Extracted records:
───

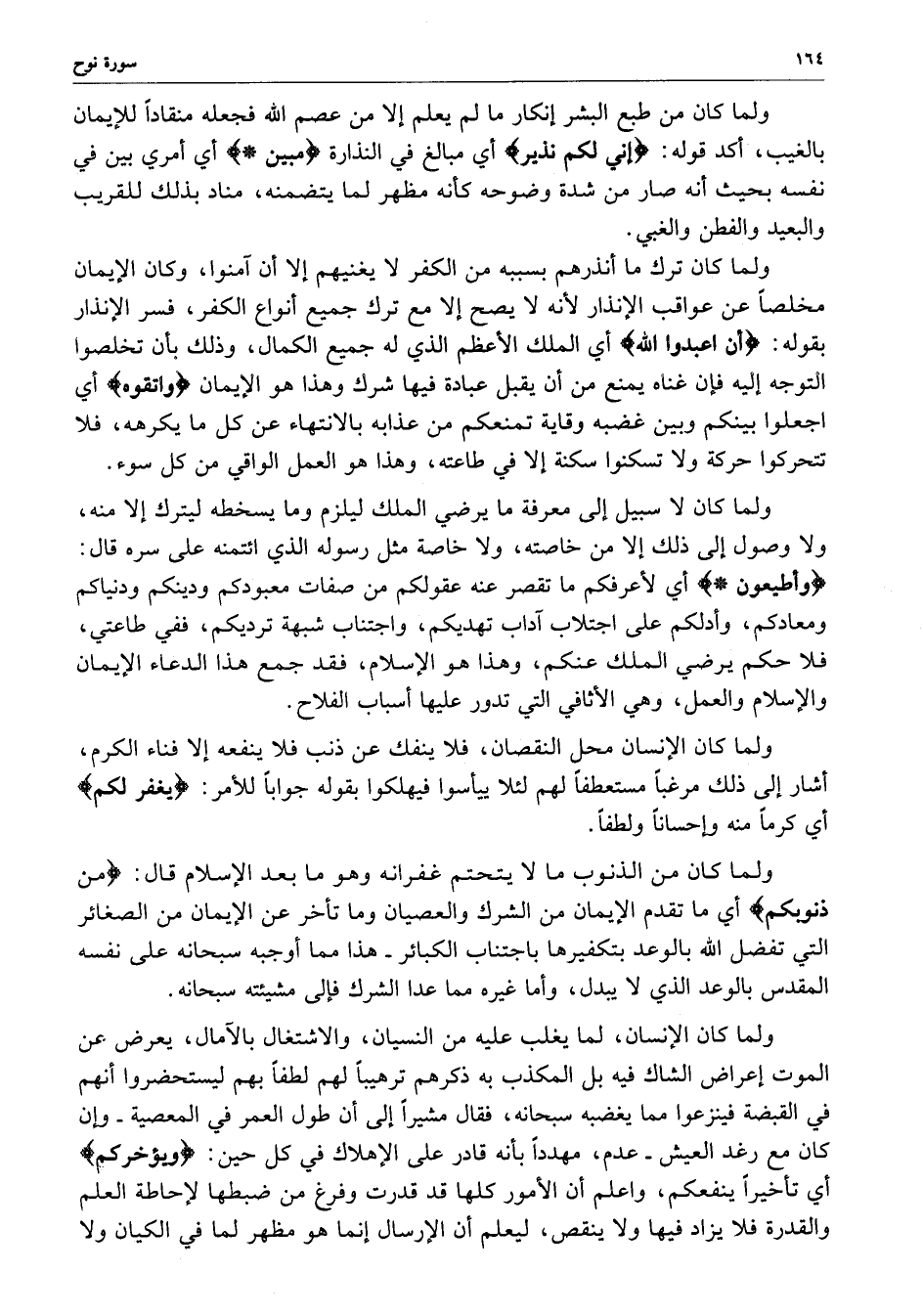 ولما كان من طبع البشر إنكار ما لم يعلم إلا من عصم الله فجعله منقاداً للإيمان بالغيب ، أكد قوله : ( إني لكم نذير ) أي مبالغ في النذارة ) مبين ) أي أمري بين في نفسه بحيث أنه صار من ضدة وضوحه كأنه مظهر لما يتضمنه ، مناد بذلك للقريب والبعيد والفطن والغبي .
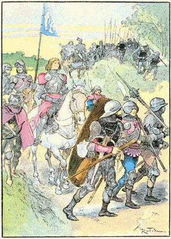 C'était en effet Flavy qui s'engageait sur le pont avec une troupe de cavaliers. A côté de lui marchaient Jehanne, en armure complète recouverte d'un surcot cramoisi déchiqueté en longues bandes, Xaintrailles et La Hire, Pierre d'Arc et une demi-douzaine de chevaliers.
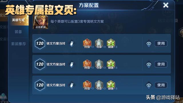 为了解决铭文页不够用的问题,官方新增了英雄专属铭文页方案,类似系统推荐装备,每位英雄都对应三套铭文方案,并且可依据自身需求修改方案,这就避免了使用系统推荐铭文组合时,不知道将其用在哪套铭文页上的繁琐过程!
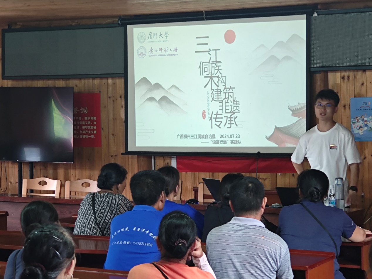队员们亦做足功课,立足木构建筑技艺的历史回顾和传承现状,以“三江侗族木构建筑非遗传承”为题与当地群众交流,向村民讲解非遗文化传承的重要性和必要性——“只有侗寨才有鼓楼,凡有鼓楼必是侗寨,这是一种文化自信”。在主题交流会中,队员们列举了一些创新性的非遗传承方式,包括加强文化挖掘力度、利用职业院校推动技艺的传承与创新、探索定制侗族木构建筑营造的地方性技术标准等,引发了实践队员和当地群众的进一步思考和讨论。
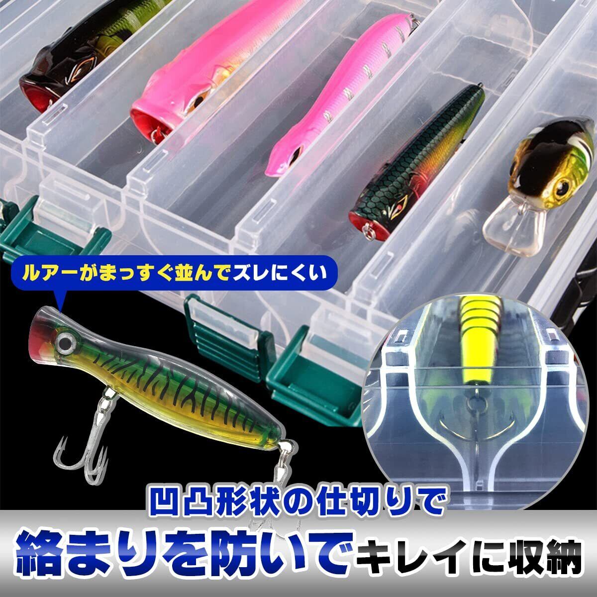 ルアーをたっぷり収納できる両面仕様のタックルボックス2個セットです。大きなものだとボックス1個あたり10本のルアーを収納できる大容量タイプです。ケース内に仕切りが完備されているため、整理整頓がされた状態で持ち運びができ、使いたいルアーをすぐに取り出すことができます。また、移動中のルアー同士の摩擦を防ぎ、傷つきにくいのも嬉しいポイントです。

───

Work request:
Skip every picture and return the lines above from the top through the one that contains "为了解决铭文页不够用的问题,官方新增了英".

Exercise result:
 ولما كان من طبع البشر إنكار ما لم يعلم إلا من عصم الله فجعله منقاداً للإيمان بالغيب ، أكد قوله : ( إني لكم نذير ) أي مبالغ في النذارة ) مبين ) أي أمري بين في نفسه بحيث أنه صار من ضدة وضوحه كأنه مظهر لما يتضمنه ، مناد بذلك للقريب والبعيد والفطن والغبي .
 C'était en effet Flavy qui s'engageait sur le pont avec une troupe de cavaliers. A côté de lui marchaient Jehanne, en armure complète recouverte d'un surcot cramoisi déchiqueté en longues bandes, Xaintrailles et La Hire, Pierre d'Arc et une demi-douzaine de chevaliers.
 为了解决铭文页不够用的问题,官方新增了英雄专属铭文页方案,类似系统推荐装备,每位英雄都对应三套铭文方案,并且可依据自身需求修改方案,这就避免了使用系统推荐铭文组合时,不知道将其用在哪套铭文页上的繁琐过程!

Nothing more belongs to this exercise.